● Task goal: Set down exactly, from the records below, the line with "我们使用 ThreadLocal 是通过" through the line with "Disco diamante NORTON", and nothing else.

● Input data:
═══

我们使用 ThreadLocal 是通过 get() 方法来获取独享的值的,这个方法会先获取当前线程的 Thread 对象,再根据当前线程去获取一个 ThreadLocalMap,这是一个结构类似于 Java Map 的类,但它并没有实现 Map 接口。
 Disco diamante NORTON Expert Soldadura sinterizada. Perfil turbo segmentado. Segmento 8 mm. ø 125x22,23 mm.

═══

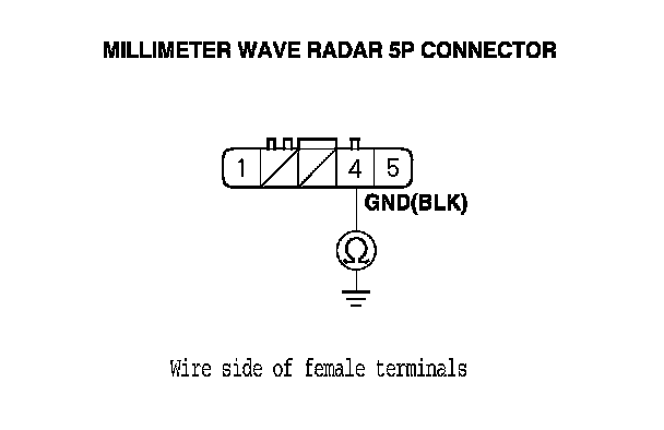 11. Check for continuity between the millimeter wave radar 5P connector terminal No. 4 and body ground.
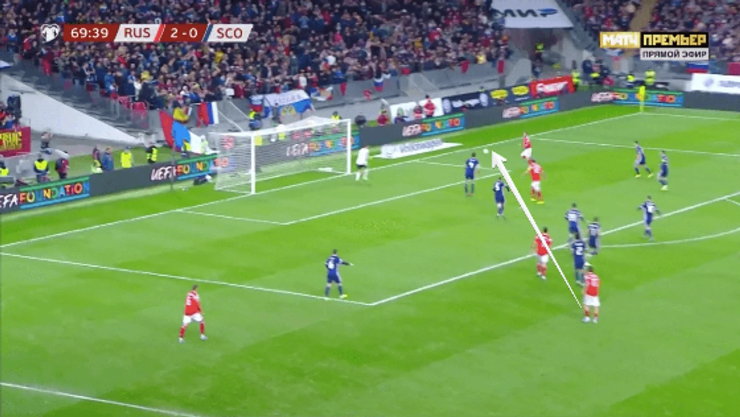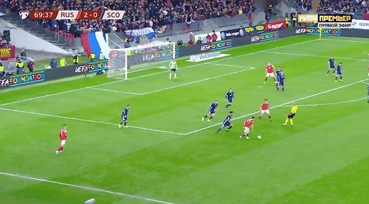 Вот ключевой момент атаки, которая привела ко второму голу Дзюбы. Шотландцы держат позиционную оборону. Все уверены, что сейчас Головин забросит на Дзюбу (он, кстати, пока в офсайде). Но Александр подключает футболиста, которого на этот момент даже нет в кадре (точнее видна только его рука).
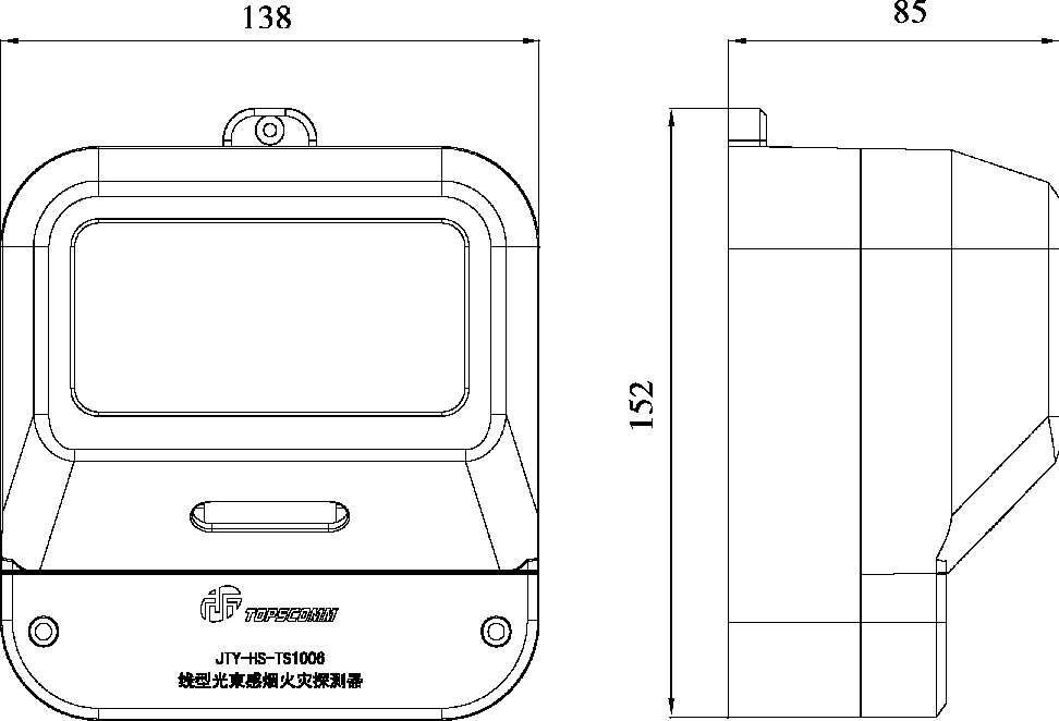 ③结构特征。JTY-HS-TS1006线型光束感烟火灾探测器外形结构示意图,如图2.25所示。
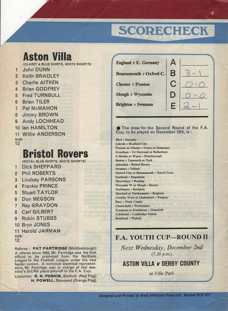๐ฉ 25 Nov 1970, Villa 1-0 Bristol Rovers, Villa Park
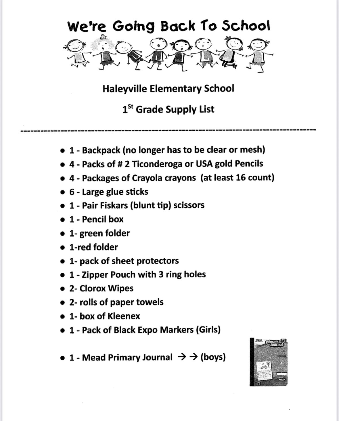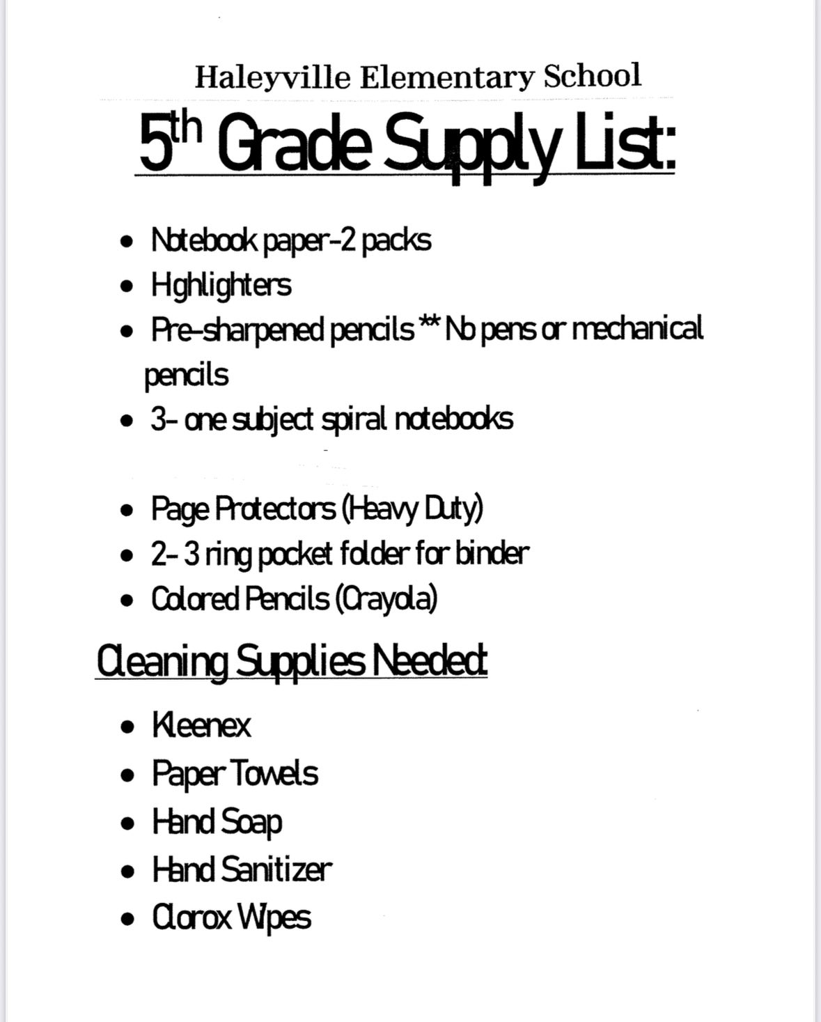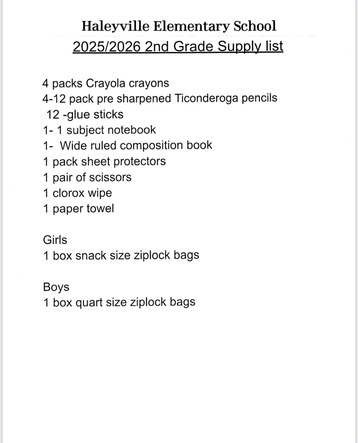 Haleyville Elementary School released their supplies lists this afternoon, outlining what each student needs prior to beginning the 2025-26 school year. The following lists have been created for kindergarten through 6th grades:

═══

● Solved exercise:
我们使用 ThreadLocal 是通过 get() 方法来获取独享的值的,这个方法会先获取当前线程的 Thread 对象,再根据当前线程去获取一个 ThreadLocalMap,这是一个结构类似于 Java Map 的类,但它并没有实现 Map 接口。
 Disco diamante NORTON Expert Soldadura sinterizada. Perfil turbo segmentado. Segmento 8 mm. ø 125x22,23 mm.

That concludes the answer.